In R, the equivalent would be:
```r
x <- 15
if (x > 10) {
    print(paste(x, "is greater than 10"))
} else {
    print(paste(x, "is not greater than 10"))
}
```
Try this code in RStudio.

### Exercise 3: Checking Even or Odd
Write a program in both Python (Colab) and R (RStudio) that takes a number as input from the user, checks if it's even or odd, and prints the result.

## Section 4: Visualization in Python and R
Both Python and R offer powerful libraries for data visualization. In Python, `matplotlib` is commonly used, while in R, `ggplot2` is very popular.

In [None]:
# Python example: Plotting with matplotlib
import matplotlib.pyplot as plt

x = [1, 2, 3, 4, 5]
y = [10, 20, 25, 30, 35]
plt.plot(x, y)
plt.title("Simple Line Plot")
plt.xlabel("X axis")
plt.ylabel("Y axis")
plt.show()

In R, you can use `ggplot2` for visualizations:
```r
library(ggplot2)
ggplot(data, aes(x=Name, y=Age)) + geom_bar(stat="identity") + ggtitle("Bar Plot of Age by Name")
```
Try this in RStudio.

### Exercise 4: Visualization
Create a plot that shows the growth of a dataset over time (e.g., monthly sales) in both Python and R. Compare the plotting libraries and their ease of use.

## Section 5: Introduction to Galaxy
Galaxy is an open-source platform for bioinformatics research, providing accessible, reproducible, and transparent computational analyses.
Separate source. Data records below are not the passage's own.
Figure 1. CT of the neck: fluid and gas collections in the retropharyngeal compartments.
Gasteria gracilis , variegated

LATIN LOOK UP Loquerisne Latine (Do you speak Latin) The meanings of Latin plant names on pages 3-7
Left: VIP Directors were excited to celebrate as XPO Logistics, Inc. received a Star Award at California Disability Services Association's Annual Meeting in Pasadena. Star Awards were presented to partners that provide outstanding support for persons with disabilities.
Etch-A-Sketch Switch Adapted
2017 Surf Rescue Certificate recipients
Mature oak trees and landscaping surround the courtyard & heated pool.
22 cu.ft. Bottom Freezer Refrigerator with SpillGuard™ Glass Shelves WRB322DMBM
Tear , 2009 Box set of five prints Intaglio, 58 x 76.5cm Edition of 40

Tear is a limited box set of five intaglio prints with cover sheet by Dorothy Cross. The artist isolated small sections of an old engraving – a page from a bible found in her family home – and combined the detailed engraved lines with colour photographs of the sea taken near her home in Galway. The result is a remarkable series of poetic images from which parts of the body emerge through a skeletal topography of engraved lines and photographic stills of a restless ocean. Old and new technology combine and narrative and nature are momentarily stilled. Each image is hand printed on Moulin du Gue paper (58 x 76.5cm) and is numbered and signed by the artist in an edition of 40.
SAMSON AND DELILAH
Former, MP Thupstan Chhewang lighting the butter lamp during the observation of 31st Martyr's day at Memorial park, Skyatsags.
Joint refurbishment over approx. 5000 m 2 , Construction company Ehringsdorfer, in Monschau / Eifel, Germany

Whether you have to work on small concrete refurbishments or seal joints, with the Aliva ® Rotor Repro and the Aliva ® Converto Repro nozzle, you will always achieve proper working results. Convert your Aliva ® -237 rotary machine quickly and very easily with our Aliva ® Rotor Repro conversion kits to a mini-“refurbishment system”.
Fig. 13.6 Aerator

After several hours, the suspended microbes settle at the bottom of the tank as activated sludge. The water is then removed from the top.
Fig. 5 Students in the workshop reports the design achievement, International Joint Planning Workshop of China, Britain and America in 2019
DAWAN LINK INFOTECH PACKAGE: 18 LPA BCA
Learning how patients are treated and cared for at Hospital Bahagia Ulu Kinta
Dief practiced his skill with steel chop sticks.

You can perform complex workflows like genome analysis, RNA-seq, and much more without needing deep programming knowledge.
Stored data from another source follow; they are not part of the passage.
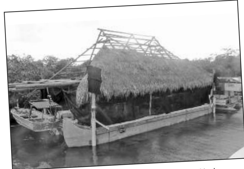
Quite the party barge or floating home found below Jewfish Creek Bridge.
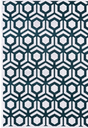
TEAL / WHITE
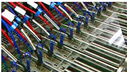
TSUBAME-KFC supercomputer ranked No.1 in the world in two consecutive editions of the energy efficiency "Green500 List"
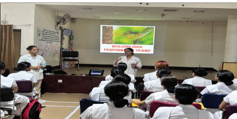
SESSION ON TEAM BUILDING
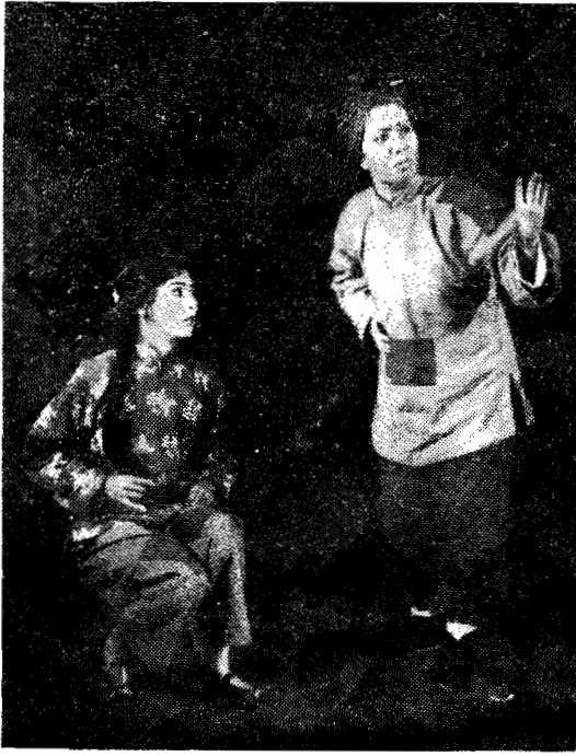
Grandmother tells Tieh-mei of the family's past

expression of feeling. His first appearance leaves a deep impression.
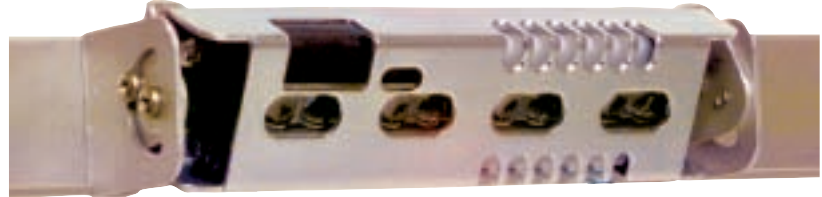
Shown with sensor and bracket model SMBPVD100A

Used for Mounting Parts Verification Array Sensors
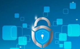
Advanced encryption technology Encrypted transmission to protect data
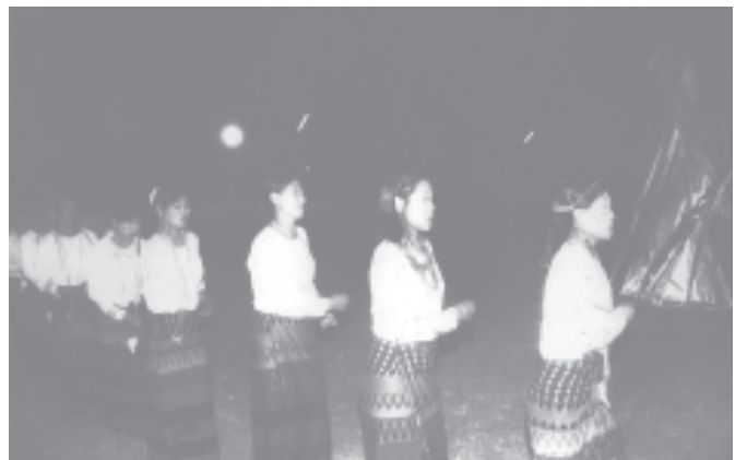
The bonfire of Naga New Year Festival in progress in Lahe.

full participation of the people. Relentless efforts are being made to ensure the balanced progress of the whole nation by laying down the 24 special development region project and the five rural development tasks. The State is also undertaking these projects by laying down 'our three main national causes, the four points of people desire and the 12 objectives'. That is why our country,
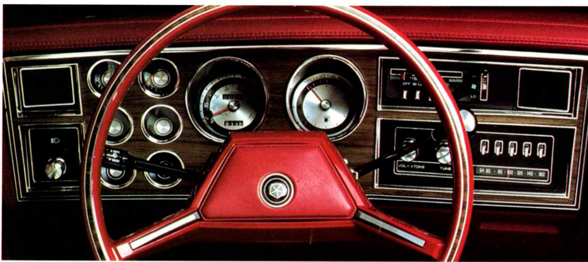
Caravelle Salon's Instrumentation
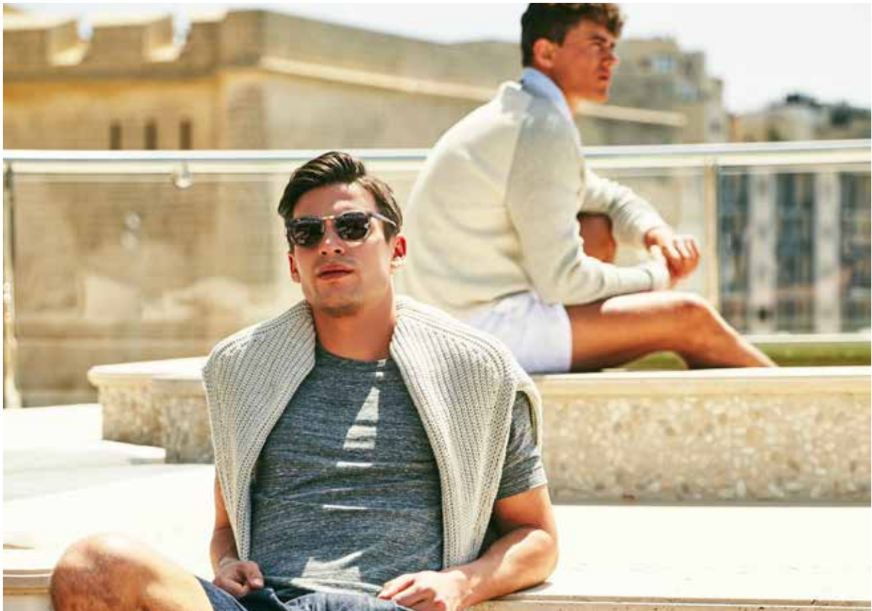
Previous page, left to right Shirt by Canali, £120. Swim shorts by Orlebar Brown, £175. Sunglasses model's own | Sweatshirt by Polo Ralph Lauren, £80. Swim shorts by Robinson Les Bains £150 | Swim shorts by Frescobol Carioca, £150. Sunglasses by Ray-Ban, £87 This page, top to bottom Sweatshirt by Polo Ralph Lauren, £80. Shirt by Canali, £120. Shorts by Polo Ralph Lauren £85 | T-Shirt by James Perse £85. Jumper by Folk, £135. Shorts by Gieves & Hawkes, £125. Shoes by Harrys of London, £345 Opposite, top to bottom Jacket by Hugo Boss, £630. Shirt by Vilebrequin, £155. Trousers by Gant, £130 | Jacket by dunhill £POA. Shirt by Theory, £185. Trousers by dunhill, £210 | Shirt by Turnbull & Asser, £200. Jacket by Boglioli, £440. Shorts by J.Crew, £65
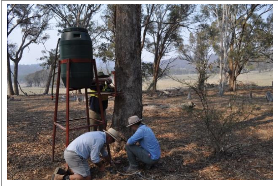
Photo 1. SNEL members installing a Koala drinker, with the tank next to tree.

Armidale Tree Group undertook two maintenance trips checking drinkers at Tillbuster (Killens Travelling Stock Route (TSR)), Sunnyside Road, Newholme at the base of Mt Duval, and Black Mountain Cemetery. Of interest they used 200L of water to top up drinkers on the first trip, but did not need to top up drinkers on the second trip due to rainfall in the district, however they did check floats, joins etc. Ongoing rain in the district has meant that at present it is thought that the 'koala drinkers' are not being used and as such may be put in storage until next summer, for protection and to prevent the possibility of any damage occurring to them.
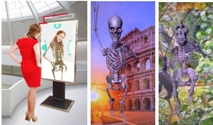
Fig. 9. Augmented reality mirror (MirrorMe) to learn human evolution by mirroring the interactive skeletons of the human body and the chimpanzee
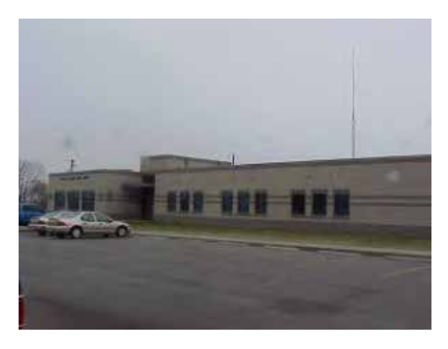
Shelbyville Readiness Center
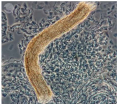
Endothrix invasion of the hair (trichophytic infection)

In all cases: mycological specimen collection recommended
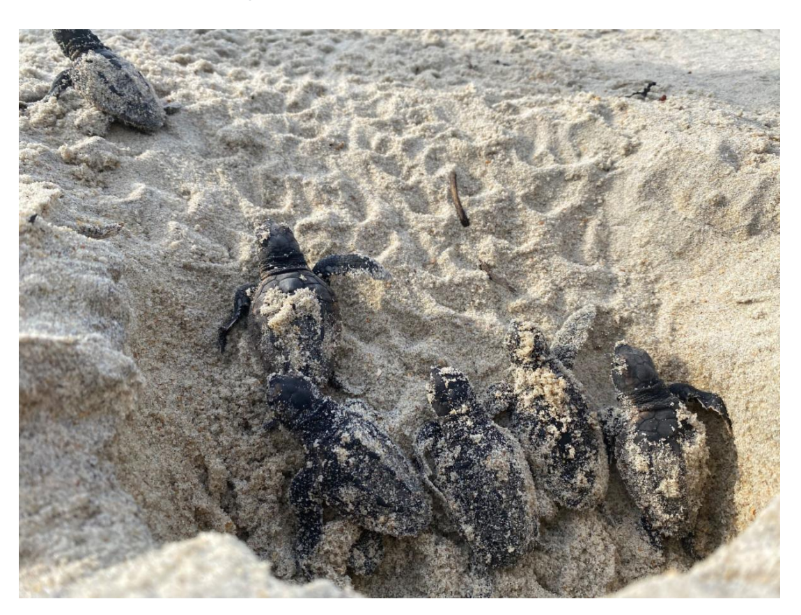
Loggerhead sea turtle hatchlings make their way to the ocean.
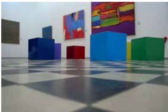
↑ Выставочный просветительский проект для детей «На языке живописи», Национальный художественный музей Украины, Украина.

### Getting Started with Galaxy
- Visit [usegalaxy.org](https://usegalaxy.org/)
- Create an account and explore its tools and workflows.
- You can upload your own data or use public datasets to run analysis pipelines such as mapping, assembly, and variant calling.

### Exercise 5: Bioinformatics with Galaxy
Explore Galaxy and try running a basic workflow such as read alignment or variant calling. Compare the ease of use of Galaxy's graphical interface with scripting in Python or R for similar bioinformatics tasks.

## Homework Assignment
Pick a dataset of your choice (from Kaggle, Galaxy, or another source) and analyze it using Python in Google Colab. Then, repeat the analysis using R in RStudio or a similar platform. Prepare a short report comparing the two workflows, highlighting what you found easier or more challenging in each environment.